YOUR ASSIGNMENT>
What you give back from the listing below should be an exact copy of the lines from the one with "On the mound, the" down to the one with "Colar Vintage Multicamadas", and it should contain no pictures.

DATA>
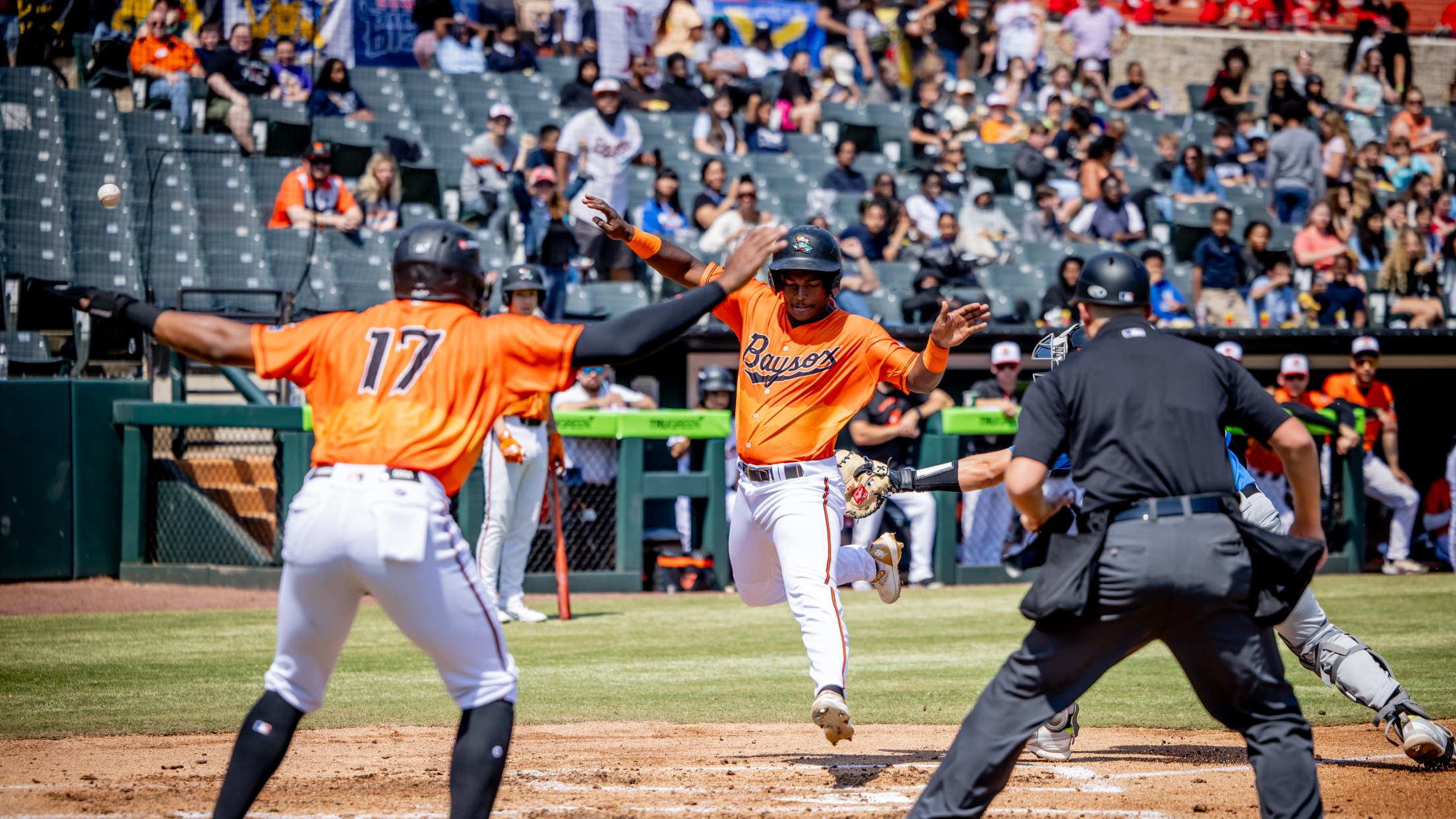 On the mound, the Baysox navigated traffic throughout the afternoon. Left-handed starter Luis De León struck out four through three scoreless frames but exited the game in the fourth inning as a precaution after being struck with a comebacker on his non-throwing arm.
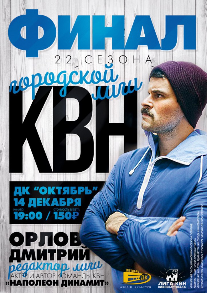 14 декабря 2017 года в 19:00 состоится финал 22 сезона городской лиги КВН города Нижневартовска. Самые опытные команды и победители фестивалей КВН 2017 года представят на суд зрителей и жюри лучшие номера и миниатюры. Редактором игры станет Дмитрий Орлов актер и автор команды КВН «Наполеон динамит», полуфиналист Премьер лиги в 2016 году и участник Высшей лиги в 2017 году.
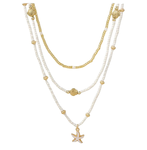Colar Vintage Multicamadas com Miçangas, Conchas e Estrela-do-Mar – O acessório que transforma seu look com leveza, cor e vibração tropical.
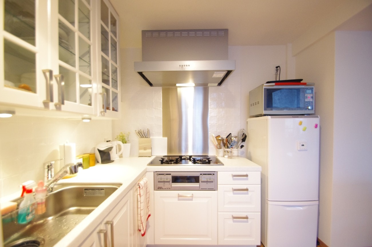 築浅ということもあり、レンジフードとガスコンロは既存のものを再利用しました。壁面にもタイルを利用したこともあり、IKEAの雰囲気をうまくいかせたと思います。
---
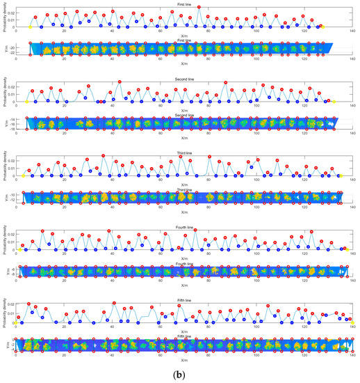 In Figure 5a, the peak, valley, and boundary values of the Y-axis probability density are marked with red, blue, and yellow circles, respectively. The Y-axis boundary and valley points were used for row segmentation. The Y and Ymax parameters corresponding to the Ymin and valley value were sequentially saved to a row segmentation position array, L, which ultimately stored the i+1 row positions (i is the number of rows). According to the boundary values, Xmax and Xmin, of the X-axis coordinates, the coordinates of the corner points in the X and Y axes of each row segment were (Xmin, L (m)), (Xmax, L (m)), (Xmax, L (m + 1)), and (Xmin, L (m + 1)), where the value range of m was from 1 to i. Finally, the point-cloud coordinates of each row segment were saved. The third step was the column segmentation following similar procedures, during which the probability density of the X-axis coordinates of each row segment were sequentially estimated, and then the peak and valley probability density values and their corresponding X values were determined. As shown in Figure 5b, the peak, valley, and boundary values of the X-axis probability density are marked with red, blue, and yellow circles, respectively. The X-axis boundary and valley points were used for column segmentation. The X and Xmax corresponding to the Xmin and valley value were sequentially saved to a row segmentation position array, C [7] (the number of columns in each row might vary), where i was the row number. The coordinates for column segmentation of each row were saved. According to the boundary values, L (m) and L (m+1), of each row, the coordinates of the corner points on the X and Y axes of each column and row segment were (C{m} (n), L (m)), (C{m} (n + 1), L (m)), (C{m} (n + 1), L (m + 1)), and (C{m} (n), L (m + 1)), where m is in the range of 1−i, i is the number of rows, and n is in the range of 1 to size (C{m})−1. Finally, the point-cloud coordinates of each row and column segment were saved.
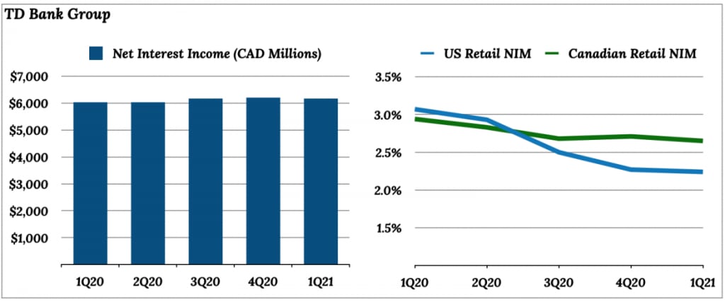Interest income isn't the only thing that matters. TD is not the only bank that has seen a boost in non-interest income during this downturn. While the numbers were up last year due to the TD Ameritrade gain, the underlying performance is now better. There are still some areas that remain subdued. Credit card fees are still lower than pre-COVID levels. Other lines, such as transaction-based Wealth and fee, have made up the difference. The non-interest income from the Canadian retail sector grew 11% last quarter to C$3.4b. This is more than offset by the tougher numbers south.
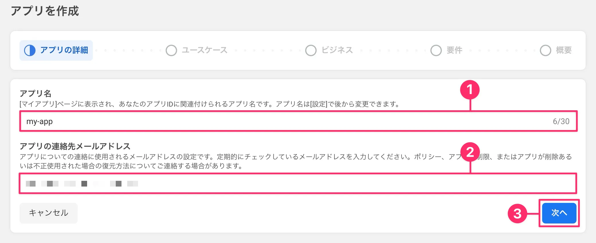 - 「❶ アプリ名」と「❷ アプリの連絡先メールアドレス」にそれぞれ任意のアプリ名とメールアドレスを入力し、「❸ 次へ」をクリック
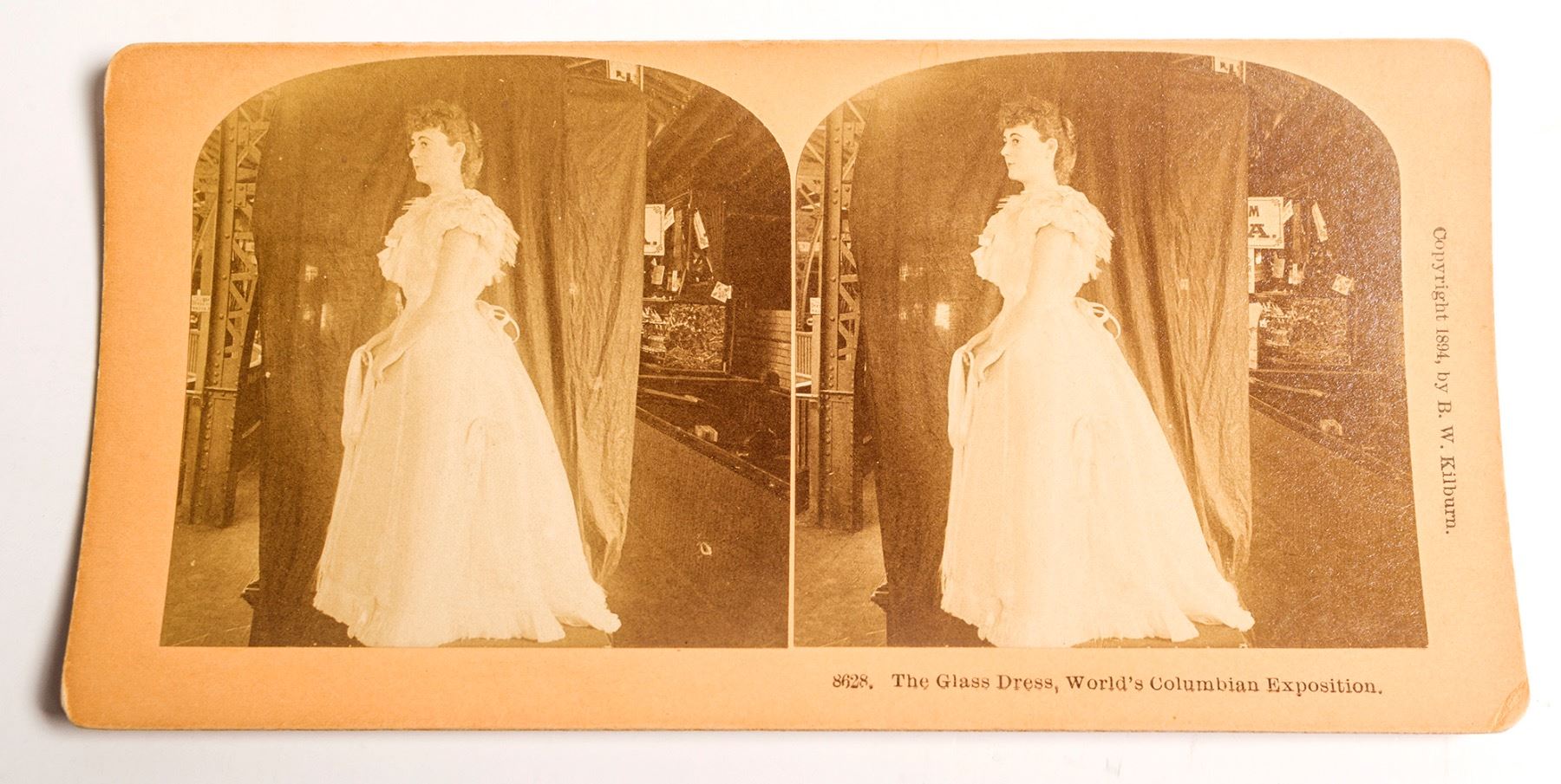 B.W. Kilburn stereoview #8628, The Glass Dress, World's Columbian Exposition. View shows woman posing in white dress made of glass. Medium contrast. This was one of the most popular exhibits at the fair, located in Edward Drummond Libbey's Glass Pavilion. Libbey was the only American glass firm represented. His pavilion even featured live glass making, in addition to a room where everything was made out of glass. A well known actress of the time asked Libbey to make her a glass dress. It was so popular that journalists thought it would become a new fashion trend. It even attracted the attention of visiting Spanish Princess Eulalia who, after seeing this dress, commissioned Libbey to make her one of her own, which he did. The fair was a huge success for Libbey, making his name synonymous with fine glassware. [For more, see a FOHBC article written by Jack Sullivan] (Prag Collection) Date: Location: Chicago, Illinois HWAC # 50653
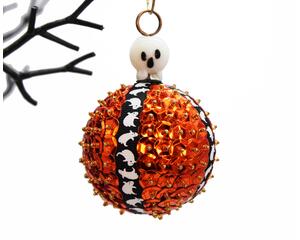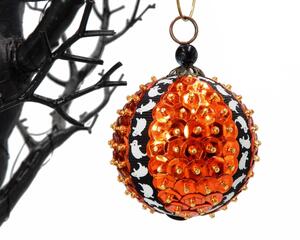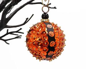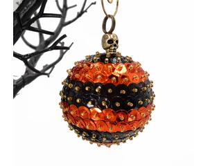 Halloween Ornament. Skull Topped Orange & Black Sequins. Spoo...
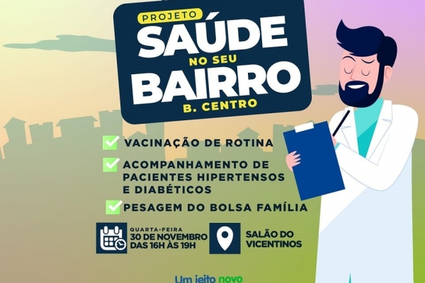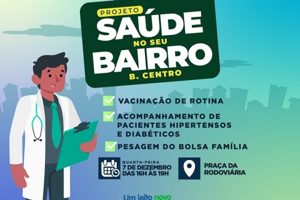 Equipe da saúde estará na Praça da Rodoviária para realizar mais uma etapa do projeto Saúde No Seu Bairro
--
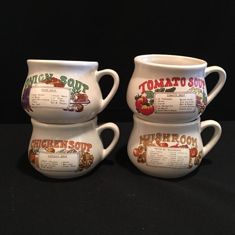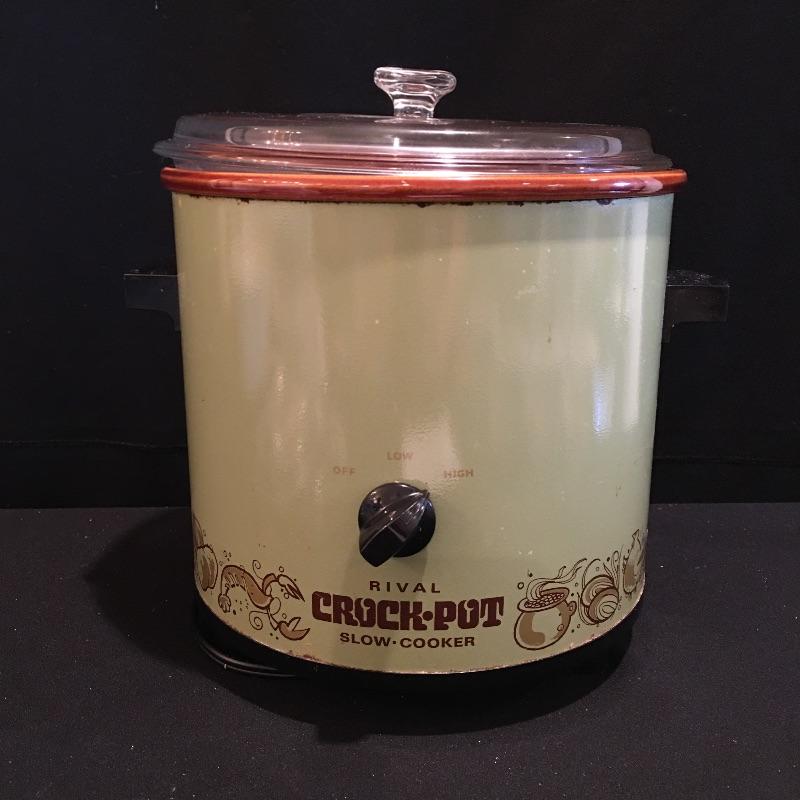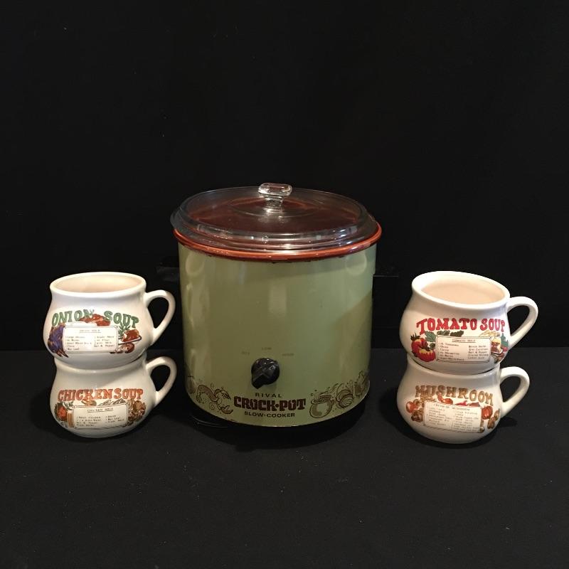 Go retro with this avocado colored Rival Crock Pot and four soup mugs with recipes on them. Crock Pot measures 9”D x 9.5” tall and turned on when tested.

SOLUTION>
 On the mound, the Baysox navigated traffic throughout the afternoon. Left-handed starter Luis De León struck out four through three scoreless frames but exited the game in the fourth inning as a precaution after being struck with a comebacker on his non-throwing arm.
 14 декабря 2017 года в 19:00 состоится финал 22 сезона городской лиги КВН города Нижневартовска. Самые опытные команды и победители фестивалей КВН 2017 года представят на суд зрителей и жюри лучшие номера и миниатюры. Редактором игры станет Дмитрий Орлов актер и автор команды КВН «Наполеон динамит», полуфиналист Премьер лиги в 2016 году и участник Высшей лиги в 2017 году.
Colar Vintage Multicamadas com Miçangas, Conchas e Estrela-do-Mar – O acessório que transforma seu look com leveza, cor e vibração tropical.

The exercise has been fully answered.